Oh, wait. Did I say that all happened since January? Silly me— that all happened in June. Which is why I know y’all will forgive me my resolution trespasses. On New Year’s I vowed to focus more on charitable work and yoga, cut back on wine intake, and stop sacrificing writing time to Facebook. While I did increase my volunteer hours with Made By Survivors, the yoga mat and I have only been on six dates– you can tell I’m nervous when we’re together because my elbows shake uncontrollably each time I plank. Wine and I, in contrast, remain close. As for Facebook, let’s just say I know how everyone celebrated Independence Day.

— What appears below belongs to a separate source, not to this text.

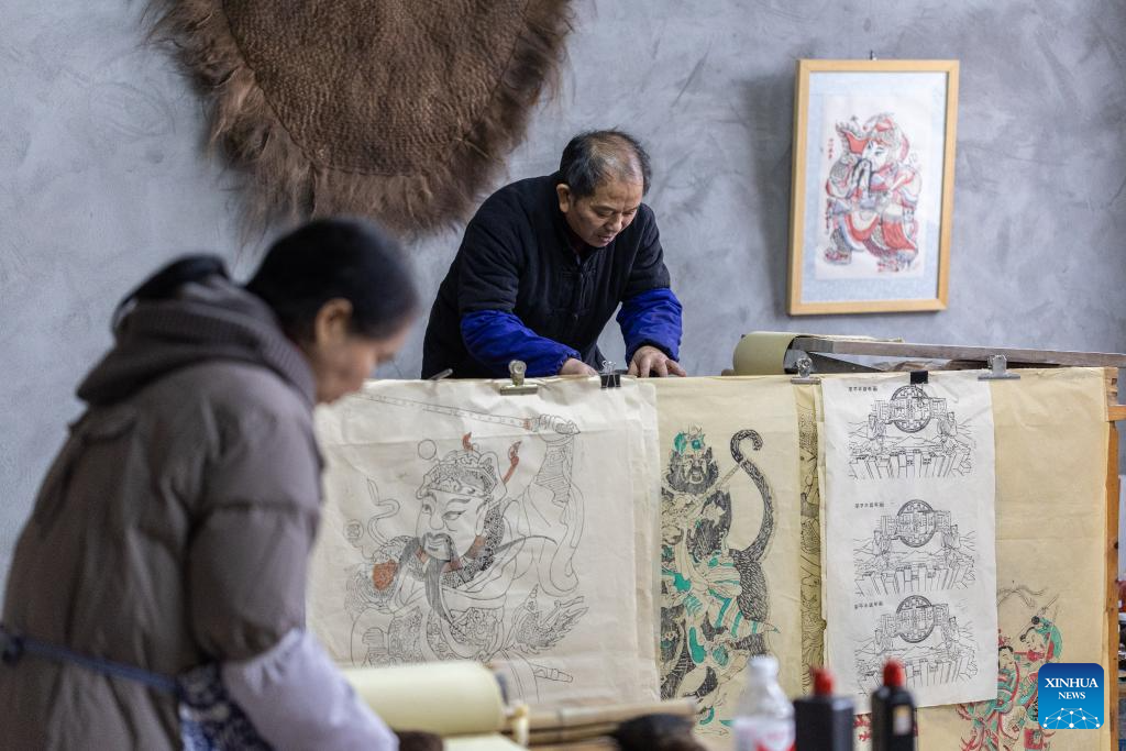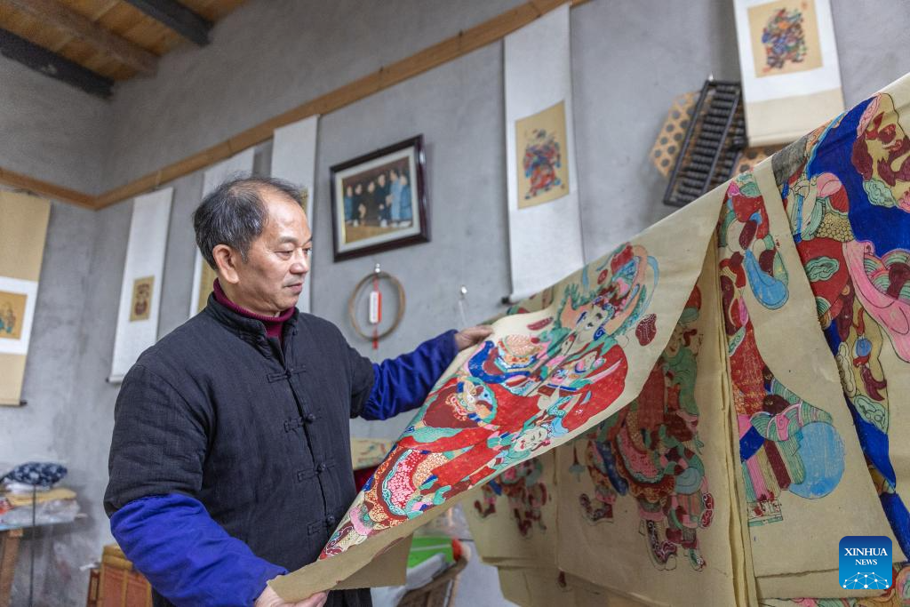 Xu Jiahui checks a New Year woodblock print at his studio in Pingjin Town in Liangping District of southwest China's Chongqing, Jan. 14, 2025. (Xinhua/Huang Wei)

Am I failure? Sort of. It would be easy enough to do thirty minutes of stretching on a mat even though I don’t have time for an official class. I could swap a glass of wine for sleepy time time tea. The journal is there waiting for my thoughts while I like, love, cry, am wowed by, and get angry at Facebook posts.
But the thing is…I’m exhausted. Overwhelmed. Uncertain. Life has always dealt me unique hands, but it’s done so judiciously. This recent onslaught removed the self-improvement ambition I housed in January. Right now the only thing I’m resolved to do is unpack.
… thus the roller coaster of life!
That is a lot on your plate! Be kind to yourself. Have the glass of wine.